* _WORK REQUIRED_:
In the entries below, begin at the line that has "Contrairement à la" and stop after the line that has "this mug has"; output those lines exactly, leaving out pictures.

START RECORDS SHOWN

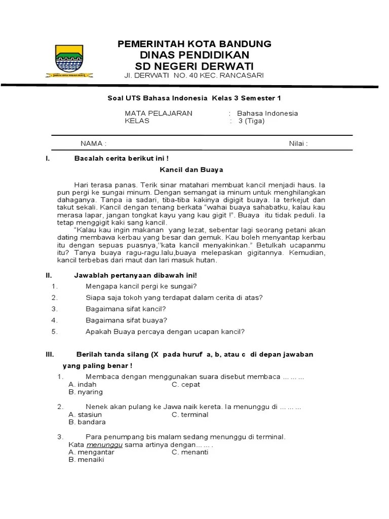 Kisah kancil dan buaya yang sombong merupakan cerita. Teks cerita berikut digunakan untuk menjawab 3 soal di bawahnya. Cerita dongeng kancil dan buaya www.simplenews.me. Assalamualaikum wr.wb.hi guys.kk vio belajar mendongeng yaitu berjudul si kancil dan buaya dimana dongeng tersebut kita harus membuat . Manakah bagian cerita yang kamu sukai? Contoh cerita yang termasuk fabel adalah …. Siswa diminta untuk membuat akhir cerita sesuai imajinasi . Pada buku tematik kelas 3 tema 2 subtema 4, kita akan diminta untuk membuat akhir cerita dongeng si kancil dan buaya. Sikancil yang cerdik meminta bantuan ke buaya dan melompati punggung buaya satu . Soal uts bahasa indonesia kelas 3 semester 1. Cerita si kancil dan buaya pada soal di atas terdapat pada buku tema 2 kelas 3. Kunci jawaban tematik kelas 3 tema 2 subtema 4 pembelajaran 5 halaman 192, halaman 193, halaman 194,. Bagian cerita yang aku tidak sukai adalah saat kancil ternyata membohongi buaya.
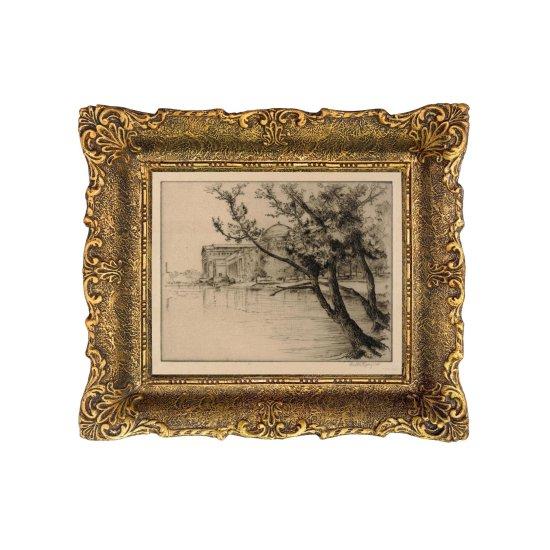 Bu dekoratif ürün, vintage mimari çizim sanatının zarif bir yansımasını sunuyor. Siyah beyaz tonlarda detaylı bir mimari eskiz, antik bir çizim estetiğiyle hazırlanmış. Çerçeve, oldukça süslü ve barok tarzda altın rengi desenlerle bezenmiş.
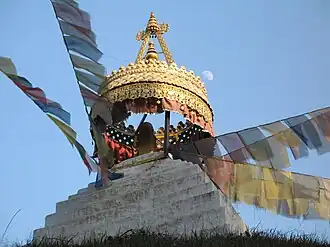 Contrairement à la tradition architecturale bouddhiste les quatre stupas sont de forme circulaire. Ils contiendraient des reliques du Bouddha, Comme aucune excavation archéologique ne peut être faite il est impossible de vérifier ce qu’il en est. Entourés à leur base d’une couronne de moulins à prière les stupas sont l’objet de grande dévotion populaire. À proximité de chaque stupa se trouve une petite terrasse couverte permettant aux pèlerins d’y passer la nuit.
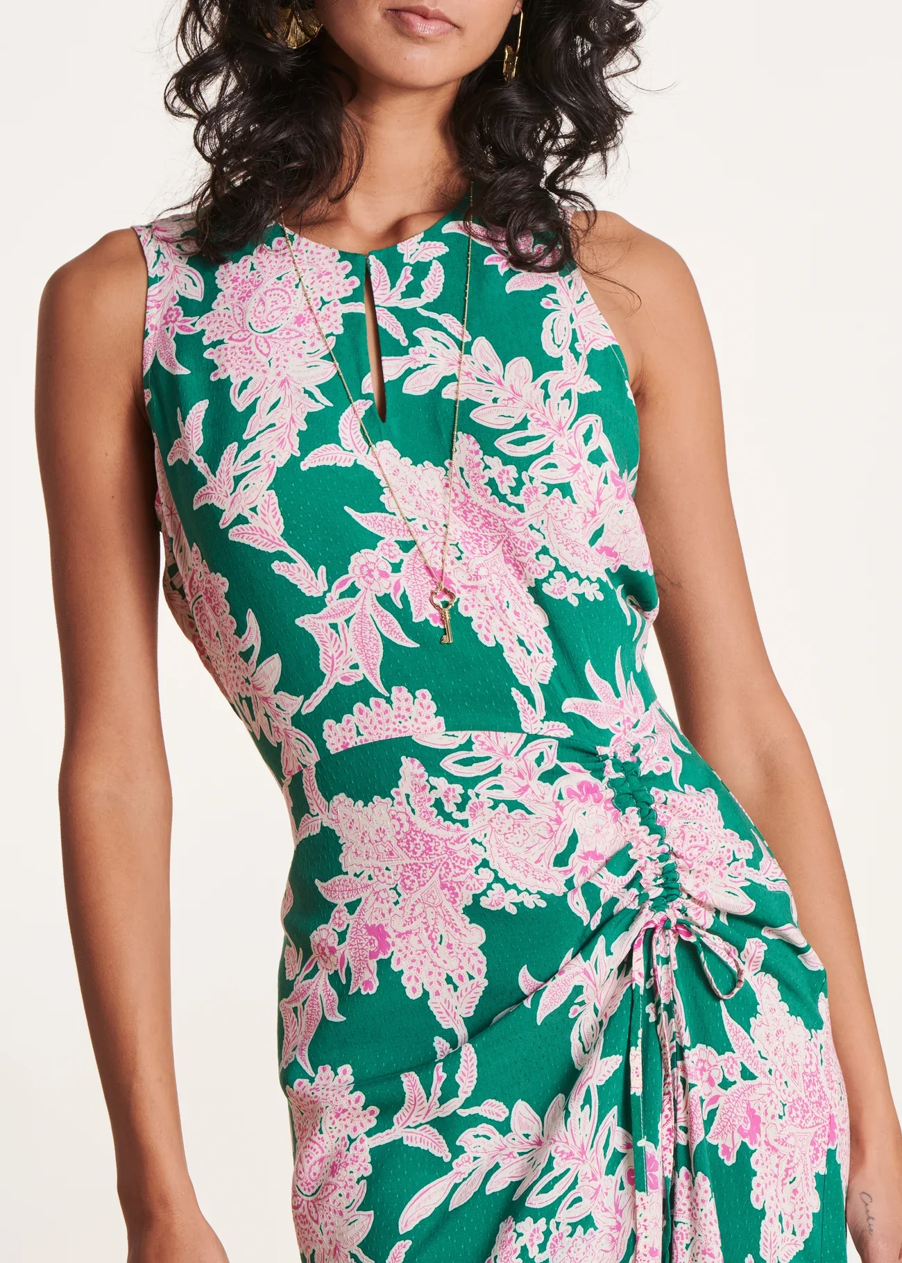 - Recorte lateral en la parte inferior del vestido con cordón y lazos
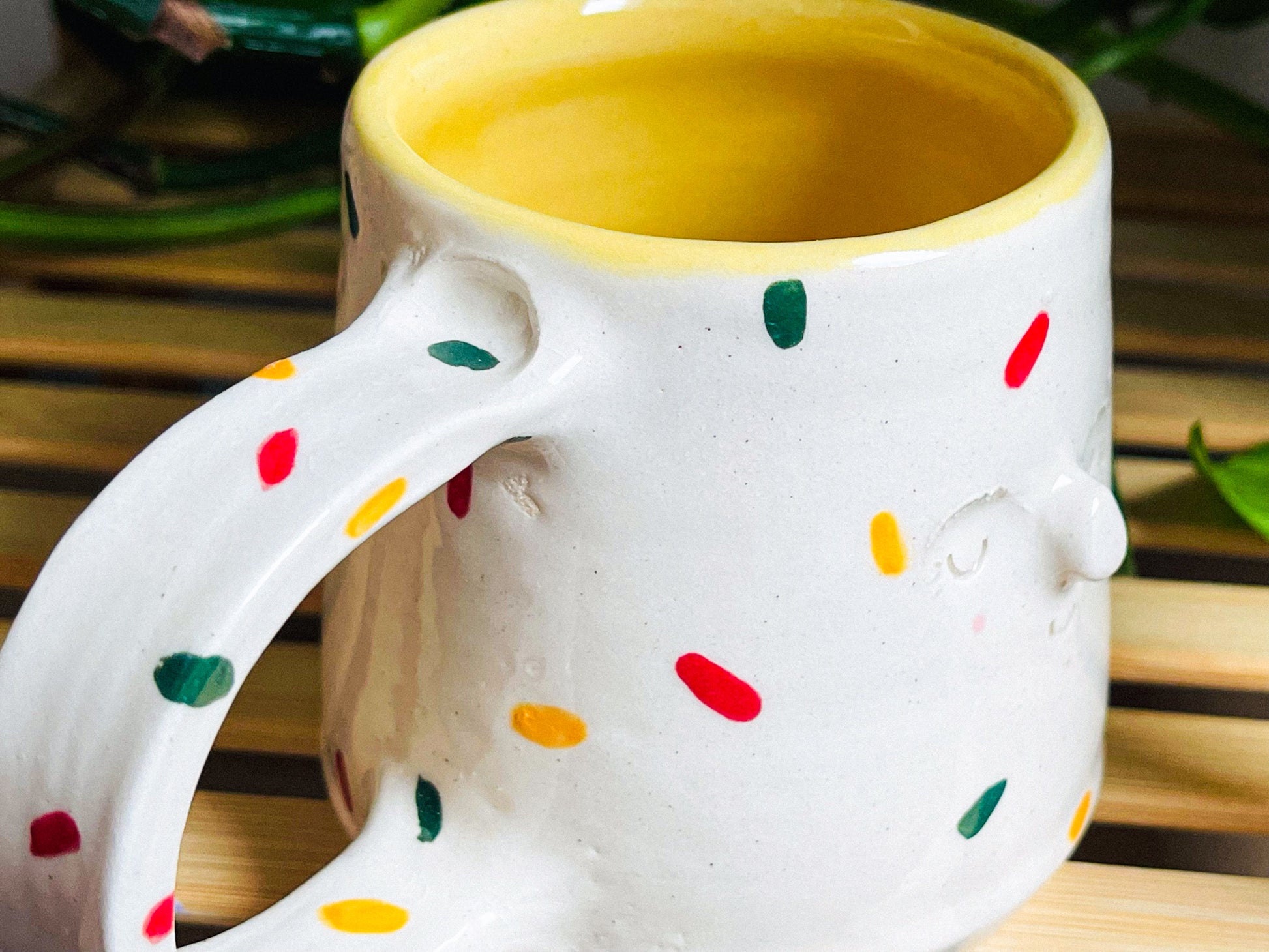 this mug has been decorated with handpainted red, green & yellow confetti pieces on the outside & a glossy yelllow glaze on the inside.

END RECORDS SHOWN
START RECORDS SHOWN

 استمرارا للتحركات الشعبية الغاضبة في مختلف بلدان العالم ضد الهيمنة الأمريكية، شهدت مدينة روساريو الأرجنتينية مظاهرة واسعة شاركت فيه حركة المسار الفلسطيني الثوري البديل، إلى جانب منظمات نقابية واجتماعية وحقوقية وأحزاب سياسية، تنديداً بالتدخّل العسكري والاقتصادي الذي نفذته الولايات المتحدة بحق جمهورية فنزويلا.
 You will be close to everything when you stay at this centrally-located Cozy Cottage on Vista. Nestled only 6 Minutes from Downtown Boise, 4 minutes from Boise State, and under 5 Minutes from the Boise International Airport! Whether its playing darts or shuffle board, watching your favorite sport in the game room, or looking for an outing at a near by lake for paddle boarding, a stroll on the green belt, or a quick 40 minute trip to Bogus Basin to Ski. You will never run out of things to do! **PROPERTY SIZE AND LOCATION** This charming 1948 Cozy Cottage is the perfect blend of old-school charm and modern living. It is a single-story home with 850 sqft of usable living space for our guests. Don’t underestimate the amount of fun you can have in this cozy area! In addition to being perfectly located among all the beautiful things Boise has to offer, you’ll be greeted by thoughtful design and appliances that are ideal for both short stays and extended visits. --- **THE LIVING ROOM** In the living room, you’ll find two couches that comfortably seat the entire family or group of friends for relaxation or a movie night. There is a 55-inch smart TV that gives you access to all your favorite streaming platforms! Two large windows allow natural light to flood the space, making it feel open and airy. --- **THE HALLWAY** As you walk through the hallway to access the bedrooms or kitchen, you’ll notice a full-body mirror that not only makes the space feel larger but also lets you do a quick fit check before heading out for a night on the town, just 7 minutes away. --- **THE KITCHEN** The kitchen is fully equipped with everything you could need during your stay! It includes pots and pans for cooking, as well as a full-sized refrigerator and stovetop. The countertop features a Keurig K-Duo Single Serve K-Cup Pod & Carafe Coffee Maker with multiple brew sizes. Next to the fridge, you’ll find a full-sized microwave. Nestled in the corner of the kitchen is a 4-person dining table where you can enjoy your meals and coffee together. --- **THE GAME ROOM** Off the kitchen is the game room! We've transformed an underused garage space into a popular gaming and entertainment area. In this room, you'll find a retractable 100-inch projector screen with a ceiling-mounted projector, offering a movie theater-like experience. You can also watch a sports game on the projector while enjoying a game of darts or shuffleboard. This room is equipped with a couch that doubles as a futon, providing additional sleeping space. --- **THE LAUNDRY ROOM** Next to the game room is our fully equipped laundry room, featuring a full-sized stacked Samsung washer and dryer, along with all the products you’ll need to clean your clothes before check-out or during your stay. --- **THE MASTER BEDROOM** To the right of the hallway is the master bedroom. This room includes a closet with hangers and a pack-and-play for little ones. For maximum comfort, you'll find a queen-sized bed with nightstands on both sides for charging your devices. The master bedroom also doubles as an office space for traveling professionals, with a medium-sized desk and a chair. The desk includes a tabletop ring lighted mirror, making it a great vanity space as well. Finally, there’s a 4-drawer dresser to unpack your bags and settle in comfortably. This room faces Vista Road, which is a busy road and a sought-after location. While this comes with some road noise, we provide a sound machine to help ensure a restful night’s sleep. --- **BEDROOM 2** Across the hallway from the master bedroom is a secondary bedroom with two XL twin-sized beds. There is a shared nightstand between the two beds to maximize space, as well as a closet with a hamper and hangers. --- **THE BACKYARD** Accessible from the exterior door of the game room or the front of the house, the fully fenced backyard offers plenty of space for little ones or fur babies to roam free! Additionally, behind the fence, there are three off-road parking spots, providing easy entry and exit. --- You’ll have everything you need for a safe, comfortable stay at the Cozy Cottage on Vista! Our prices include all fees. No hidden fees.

END RECORDS SHOWN
START RECORDS SHOWN

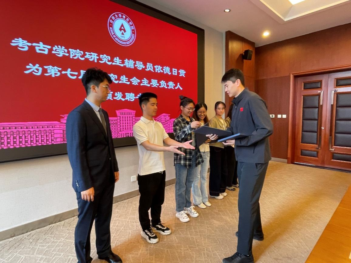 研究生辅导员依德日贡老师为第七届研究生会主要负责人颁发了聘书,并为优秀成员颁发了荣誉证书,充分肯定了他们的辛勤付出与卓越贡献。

END RECORDS SHOWN

* _SOLUTION FOR THIS PROBLEM_:
 Contrairement à la tradition architecturale bouddhiste les quatre stupas sont de forme circulaire. Ils contiendraient des reliques du Bouddha, Comme aucune excavation archéologique ne peut être faite il est impossible de vérifier ce qu’il en est. Entourés à leur base d’une couronne de moulins à prière les stupas sont l’objet de grande dévotion populaire. À proximité de chaque stupa se trouve une petite terrasse couverte permettant aux pèlerins d’y passer la nuit.
 - Recorte lateral en la parte inferior del vestido con cordón y lazos
 this mug has been decorated with handpainted red, green & yellow confetti pieces on the outside & a glossy yelllow glaze on the inside.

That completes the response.